This is an implementation of accelerating distributed database transactions using eBPF, as described in the paper DINT: Fast In-Kernel Distributed Transactions with eBPF from NSDI 2024.
- caladan/ contains the source code of Caladan [OSDI '20].
- exp/ contains experiment scripts.
- lock_2pl/ contains the code for the lock server and client (only with Caladan) running the two-phase locking protocol.
- lock_fasst/ contains the code for the lock server and client running the FaSST protocol.
- log_server/ contains the code for the log server and client.
- store/ contains the code for the key-value store server and client.

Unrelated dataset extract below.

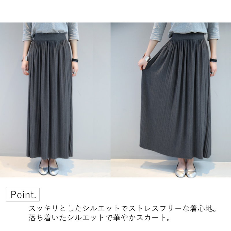 プリーツスカート ロング スカート 夏 春 秋 冬 コーデ iライン ウエストゴム 大人 オフィス かわいい きれいめ 細見え タイト 長め 10代 20代 30代 40代 50代 おしゃれ

In these microbenchmarks, servers are implemented with UDP, Caladan, eBPF for evaluation, while clients are only implemented with Caladan. We also have a write-through eBPF key-value store server and a write-back one without bloom filters, for ablation testing.
- smallbank/ contains the code for the server and client of Smallbank (see section III of this paper).
- tatp/ contains the code for the server and client of TATP.
We have in addition a DPDK server for TATP to compare its performance with eBPF.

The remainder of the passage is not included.